As brisas cobrem-me os lábios com as rosas do Anhangabaú. Sol
pálido chauffeur japonês atarracado como um boxista.
                                         Luz e força!
                                Light & Power
Eu sou o poeta das viagens de bonde!
Explorador em busca de aventuras urbanas!
Cendrars viajou o universo vendo a dança das paisagens...
Viajei em todos os bondes da Pauliceia!
Mas em vez da dança das paisagens,
Contei uma por uma todas rosas paulistanas
 e penetrei o segredo das casas baixas!
                  O! quartos de dormir!...
                  O! alcovas escuras e saias brancas de morim!
                  Conheço todos os enfeites das salas de visitas!
                  Almofadas de gato preto;
                  lustres floridos em papel de seda...
                 Tenho a erudição das toalhas crespas de crochê, sobre
                 o mármore das mesinhas e no recosto dos sofás!
                 Sei de cor milhares de litografias e oleogravuras!
                 Desdêmona dorme muito branca
                 Otelo de joelhos, junto do leito, põe a mão no coração.

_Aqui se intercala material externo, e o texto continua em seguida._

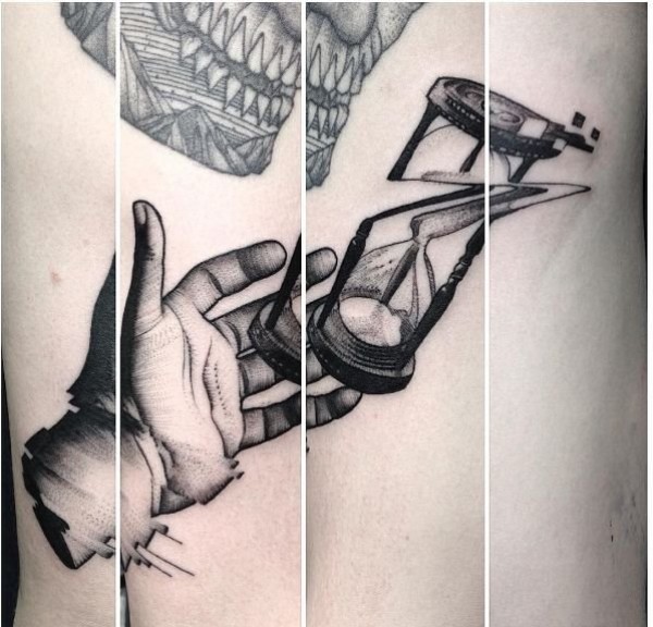 大臂上水波纹折射弯曲人物和铁路隧道纹身图案

                 Have you prayed tonight, Desdêmona?
                 E os bibelôs gêmeos sobre os pianos!
                 A moça está de azul
                 Ele de cor de rosa...
                 Valsas lânguidas de minha meninice!
Em seguida: Invasão dos Estados Unidos.
Shimmyficação universal!
O foxtrote é a verdadeira música!
Mas Liszt ainda atrai paladares burgueses...
        Polônias interminavelmente escravizadas!
             Paderewski desiludiu-se do patriotismo e voltou aos a-
plausos internacionais...
                   Como D’Annunzio.
                   Como Clemenceau.
                                 Os homens que foram reis hão de sempre a-
cabar fazendo conferências?!...
Mas para mim os mais felizes do mundo
são os que nascem duvidando se são turcos ou gregos...
                                                       franceses ou alemães?
                                  Nem sabe a quem pertence a ilha de Martim
Garcia!...
              História universal em pequenas sensações
                    Terras de Ninguém!...
               ...como as mulheres no regime bolchevista...
No entanto meus braços com desejo de peso de corpos...
Um torso grácil, ágil, musculoso...
Um torso moreno, brasil...
Exalação de seios ardentes...
Nuca roliça, rorada de suor...
Uns lábios uns lábios preguiçosos esquecidos num beijo
de amor...
Crepito:
E uma febre...
Meus braços se agitam.
Meus olhos procuram de amor.
Sensualidade sem motivo...
É o olor óleo das magnólias no ar voluptuosos desta rua.
          Dezembro – 1922.
                                                            Mário de Andrade.

Notas de Osório César:

1 – Citado por Réja, pag. 114, obr. cit.
2 – Viegen – Le talento poétique chez les dégénérés. Thése de Bordeaux, 1904.
3 – Os versos foram feitos quando o doente se achava em estado de excitação maníaca, sendo notável o número de poesias por ele compostas durante essa fase da psicose maníaco-depressiva.  
4 – Citado por Réja, pag. 123. Obra cit.
5 – Klaxon, nº 8-9. São Paulo, 1922-23.